Eugène Rousseau (1827 - 1890) merchant editor of porcelain and crystals established since 1855 on the 43 rue de la Coquillière à Paris, was a pioneer by going further that everybody else in the renewal of the glass art. Indeed, at the end of his life he starts to study the glasses coloration and obtains unexpected decorations by superposing colored and shady layers inspired bu the old Venetian techniques from the 16th century and practiced by the Chinese people during the 18th century. In 1884, he’s the first to exhibit cracked glass during the Exposition de l’Union centrale des arts décoratifs. Thus, he creates glasses with the aspect of gemstones. The following year in 1885, he gives his stock to his old student Ernest-Baptiste Léveillé, then also merchant editor of porcelains and crystals who had opened on the 74 boulevard Haussmann in Paris in 1869 la Maison Léveillé. Renamed « Maison Rousseau-Léveillé réunies », the production keeps the developed technical characteristics until the death of the master in 1890. The models then become more bold and the decors follow the trend of the curved line. Named again « Maison E. Léveillé », the store is moved nine years later on the 140 Faubourg Saint-Honoré in Paris. In 1902, Ernest Léveillé merges with the maison Toy, also a crystals and porcelains stores, under the name « Maisons Toy et Léveillé réunies ». The establishment is then located on the 10 rue de la Paix.
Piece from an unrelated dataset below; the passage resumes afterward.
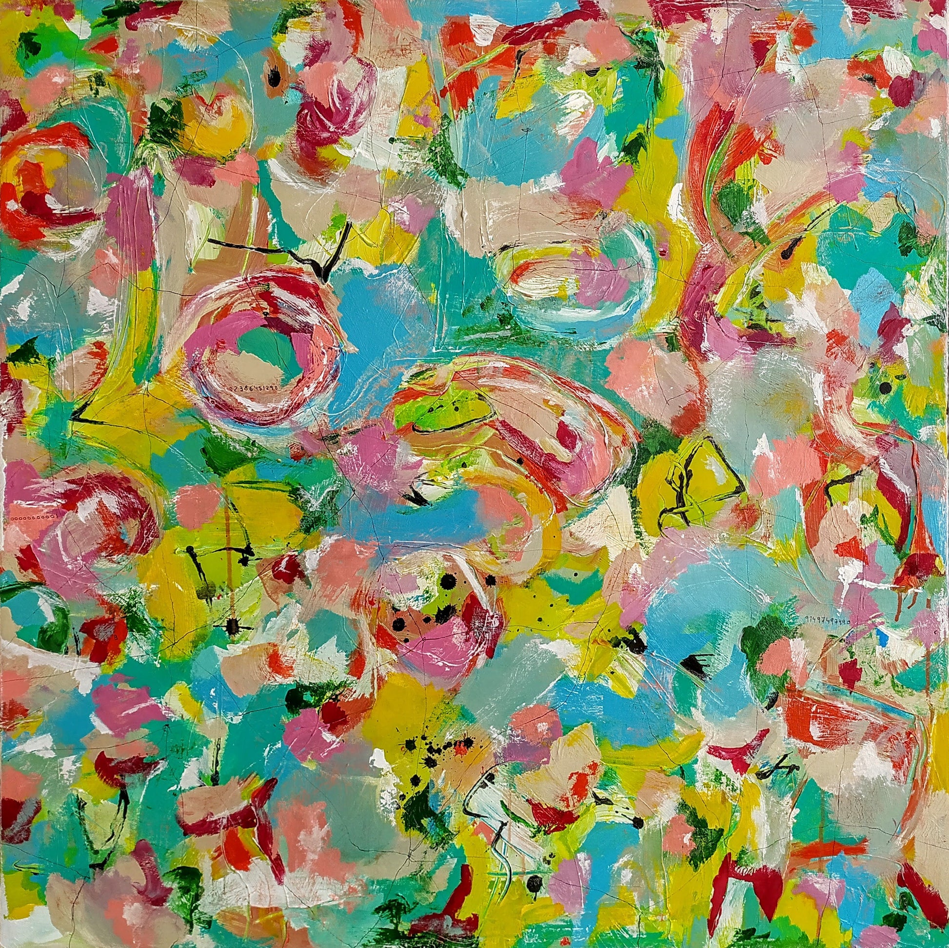 Finalmente en el cuadro predominan azules y rosas con marcas que denotan movimientos de danza.

He participates to many Parisian Salons between 1892 and 1897 and also to the World’s Fairs of 1889 and 1900 in which he wins the gold medal.

Our slender shape vase takes all the characteristics of the technique developed by Eugène Rousseau then exploited by Ernest Léveillé. Indeed, the cracked glass is decorated with an inclusion decoration of red, blue and gold powder, forming beautiful marbled mottled effects. Louis Vauxcelles speaks in these words about these characteristic on his book Histoire de l’art français de la Révolution à nos jours, published betweent 1922 and 1925 : « Without overloading the crystal with gold motifs as many others, without daubing it randomly with bright colors, without trying to assign a role for which it is not made for, or making it look like marble, porcelain, lacquer, bronze, he has for ambition to only create effects that are conform to its nature and to let it be enough by itself, and giving elements of its own decoration. Under the localized action of the oxides, he succeeds to mottle it and braids a net of blazing cracks thanks to a projection of cold water between two fires. Léveillé had the art of the unexpected projections, vigorous reliefs and capricious details. »

Our vase also shows an impressive Napoleon III style gilt bronze mount with a remarkable quality of carving. The circular base rests on four feet, it is adorned with a round roses frieze and a torus of coiling acanthus leaves surmounted by flutes. A beautiful decor composed of small flowers bouquets and intertwined acanthus leaves comes to lightened up the lower part of the vase. The neck is encircled by a splendid knotted cord in gilt bronze falling on each side.
This mount seems to have been made by the sculptor and bronze maker Paul Louchet (1854-1936) old student of Jules Lefebvre and Henri Harpignies. He signs by the mark « Louchet Fondeur Paris » a certain number of his Art Nouveau creations that he makes in his workshop located on the 3, rue Auber in Paris and that he exhibits in the Parisian Salons. The attribution of our mount to the work of this bronze maker was made thanks to a comparison with a similar mount on another vase signed by the artist.